Zaratustra wrote: In fact, there are at least $n$ regions with red border, because the first blue line cuts $2n+1$ regions, but the second must intersect the other blue line in some region, so it cuts at most $2n$ regions with red border, and the same happens for the other $n-2$ blue lines. So, in total they cut at most $n(2n+1)+1-n$ regions with red border. The result is still true if we suppose that each blue line is in general position respect to the red lines, but not necessarily respect to the others blue lines. In fact, if two blue lines are parallel, they cut the same two unbounded regions with red border. Can anyone assert whether the above is true? I seem to have some doubts about it, but I'm waiting for the assertion first.

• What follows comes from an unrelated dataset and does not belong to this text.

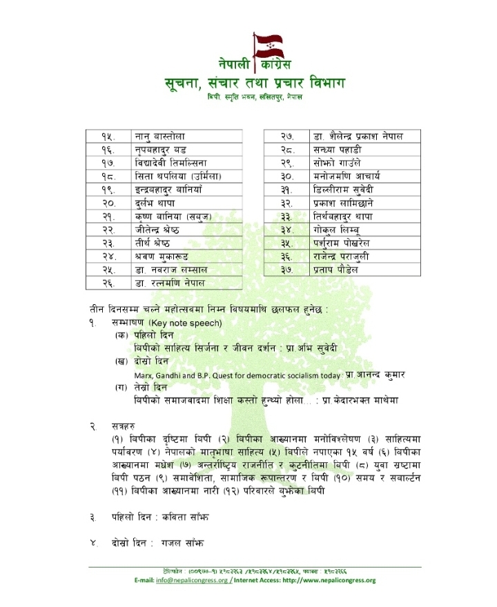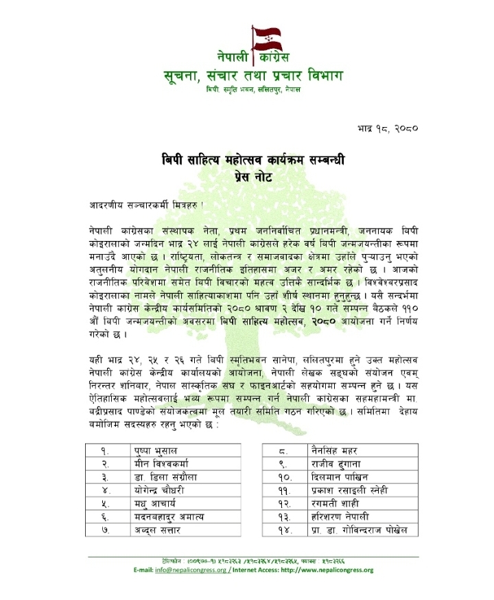 कांग्रेसको साउन पहिलो साता बसेको केन्द्रीय समितिको निर्णयअनुसार भदौ २४ देखि २६ गतेसम्म सानेपामा बिपी साहित्य महोत्सव आयोजना हुँदैछ ।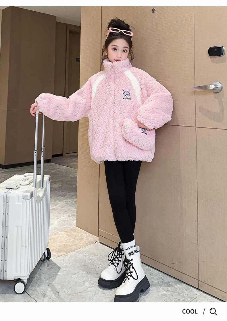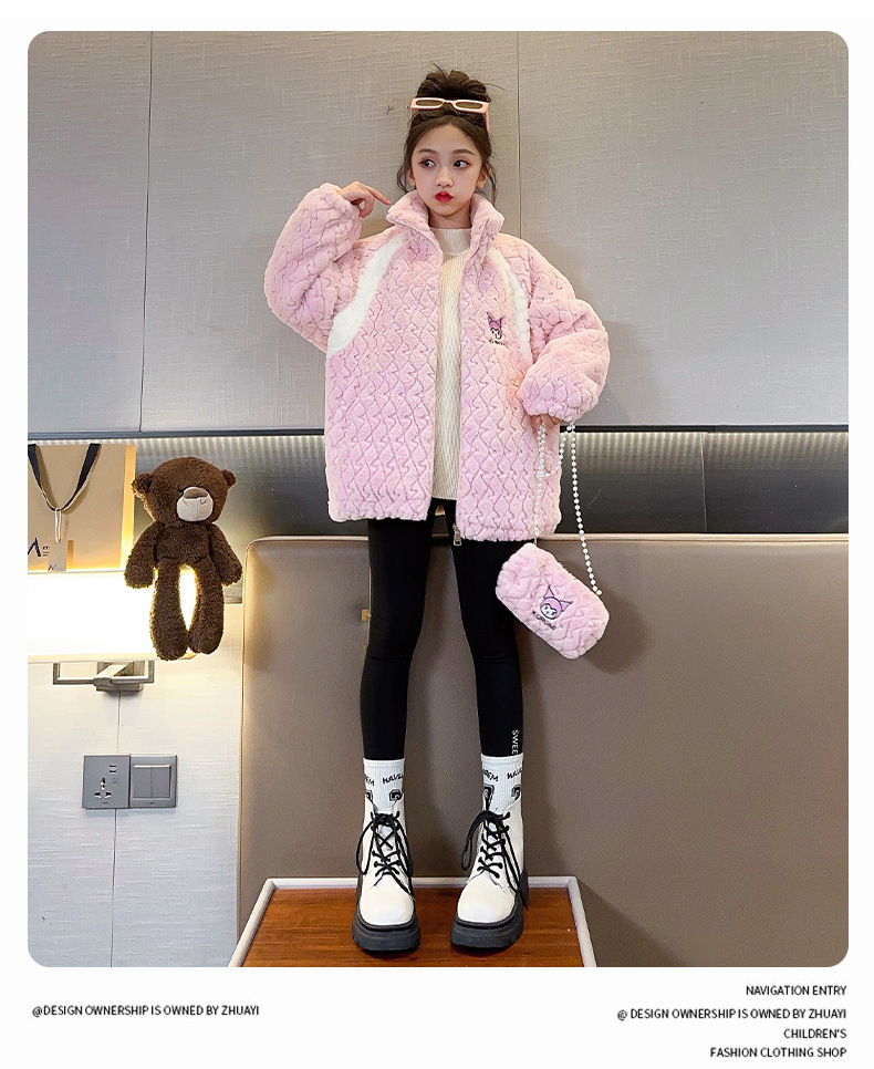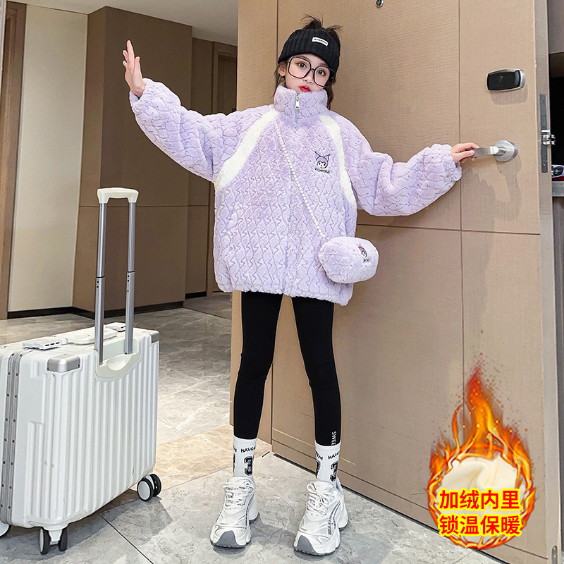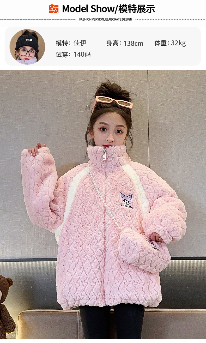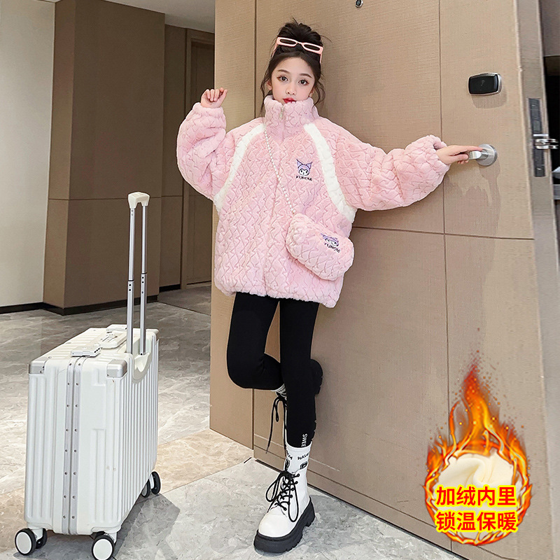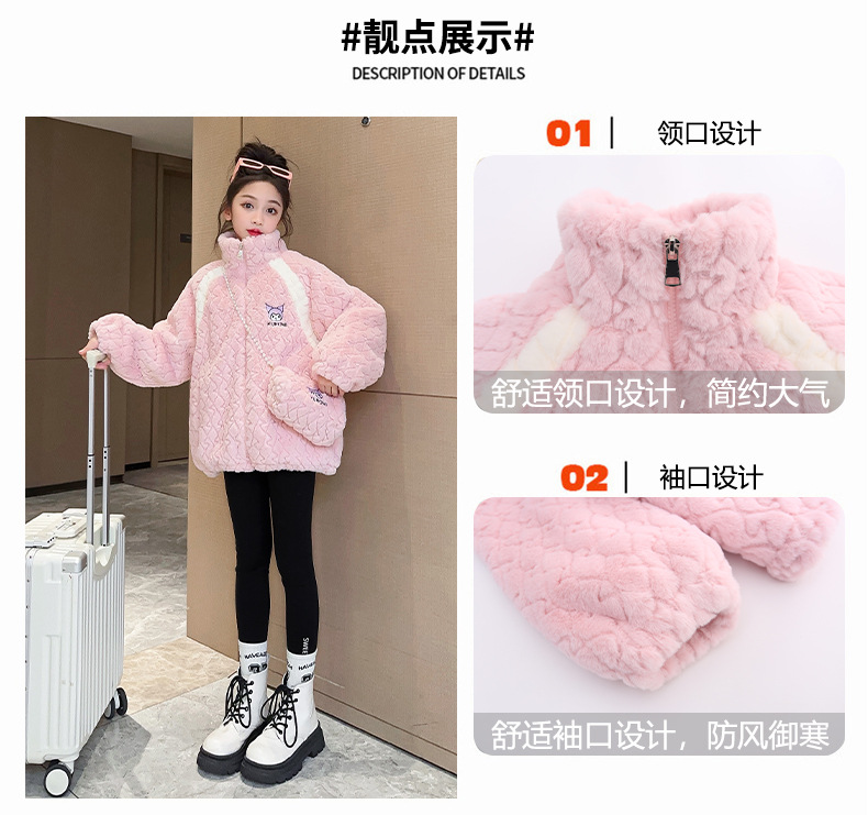 女童秋冬装外套2023新款洋气小女孩加绒加厚时髦羊羔绒毛毛衣外套

It's easy to show (induction!) that $3n$ lines generate ${3n+1 \choose 2} + 1$ different regions. Let's say that a region is good if all of its borders are red, and lets try to count the number of bad regions. Let's focus on a blue line, which is cut into exactly $3n$ (induction!) segments. Each one of these segments touch exactly two regions, making them bad regions. Since there are $n$ blue lines, we have $n \cdot 3n \cdot 2 = 6n^2$ bad regions. However, whenever two blue lines meet, they count neighboring regions twice at their intersection. We should remove such regions. There are ${n\choose2}$ such blue-blue intersections, and they are associated to $4$ regions, which gives $2n(n-1) = 2n^2-2n$. So, the number of bad regions is at most $$6n^2-(2n^2-2n) = 4n^2+2n$$ The minimum for the number of good regions is therefore $${3n+1 \choose 2} + 1 - (4n^2 + 2n)= \frac{9n^2}{2} + \frac{3n}{2} + 1 - (4n^2 + 2n) = \frac{n^2}{2} - \frac{n}{2} + 1$$ Which is at least $2$ for $n \geq 2$